» PROBLEM TO SOLVE
Would you return the listing exactly as written, apart from its pictures?

» DATASET SECTION
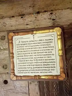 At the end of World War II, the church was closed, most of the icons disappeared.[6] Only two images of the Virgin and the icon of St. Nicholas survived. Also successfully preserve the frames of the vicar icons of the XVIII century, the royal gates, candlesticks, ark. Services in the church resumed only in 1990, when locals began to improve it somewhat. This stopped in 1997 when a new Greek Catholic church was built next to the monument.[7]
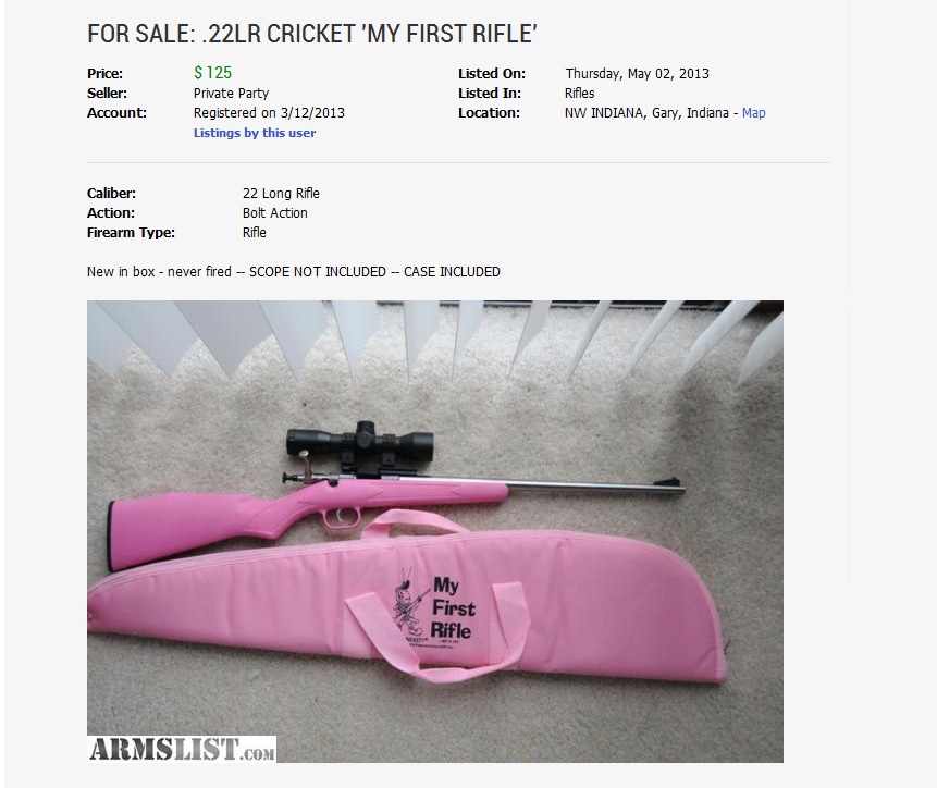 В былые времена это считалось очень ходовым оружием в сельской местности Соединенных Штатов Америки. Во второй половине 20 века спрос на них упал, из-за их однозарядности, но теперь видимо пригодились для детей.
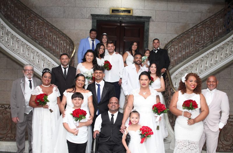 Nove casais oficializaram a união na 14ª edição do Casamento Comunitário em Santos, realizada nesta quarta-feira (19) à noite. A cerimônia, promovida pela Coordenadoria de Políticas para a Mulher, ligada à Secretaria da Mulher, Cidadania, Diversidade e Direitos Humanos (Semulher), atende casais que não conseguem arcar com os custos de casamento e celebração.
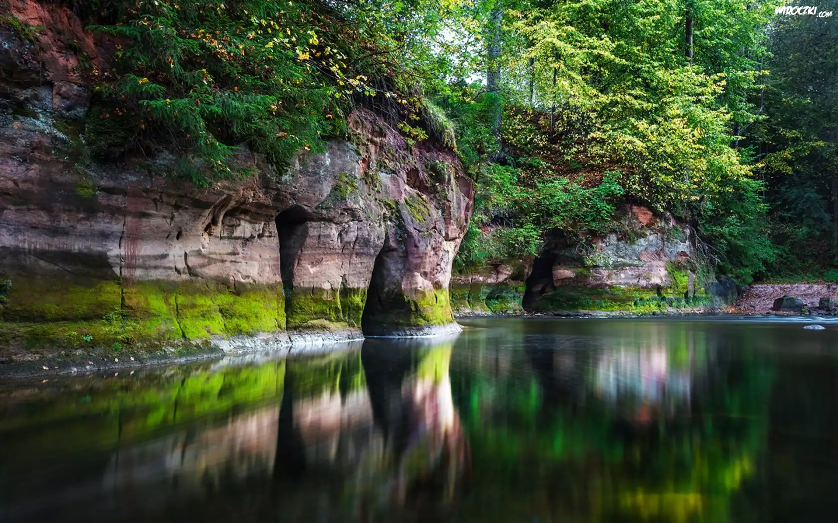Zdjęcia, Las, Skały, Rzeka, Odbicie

» RESPONSE
 At the end of World War II, the church was closed, most of the icons disappeared.[6] Only two images of the Virgin and the icon of St. Nicholas survived. Also successfully preserve the frames of the vicar icons of the XVIII century, the royal gates, candlesticks, ark. Services in the church resumed only in 1990, when locals began to improve it somewhat. This stopped in 1997 when a new Greek Catholic church was built next to the monument.[7]
 В былые времена это считалось очень ходовым оружием в сельской местности Соединенных Штатов Америки. Во второй половине 20 века спрос на них упал, из-за их однозарядности, но теперь видимо пригодились для детей.
 Nove casais oficializaram a união na 14ª edição do Casamento Comunitário em Santos, realizada nesta quarta-feira (19) à noite. A cerimônia, promovida pela Coordenadoria de Políticas para a Mulher, ligada à Secretaria da Mulher, Cidadania, Diversidade e Direitos Humanos (Semulher), atende casais que não conseguem arcar com os custos de casamento e celebração.
Zdjęcia, Las, Skały, Rzeka, Odbicie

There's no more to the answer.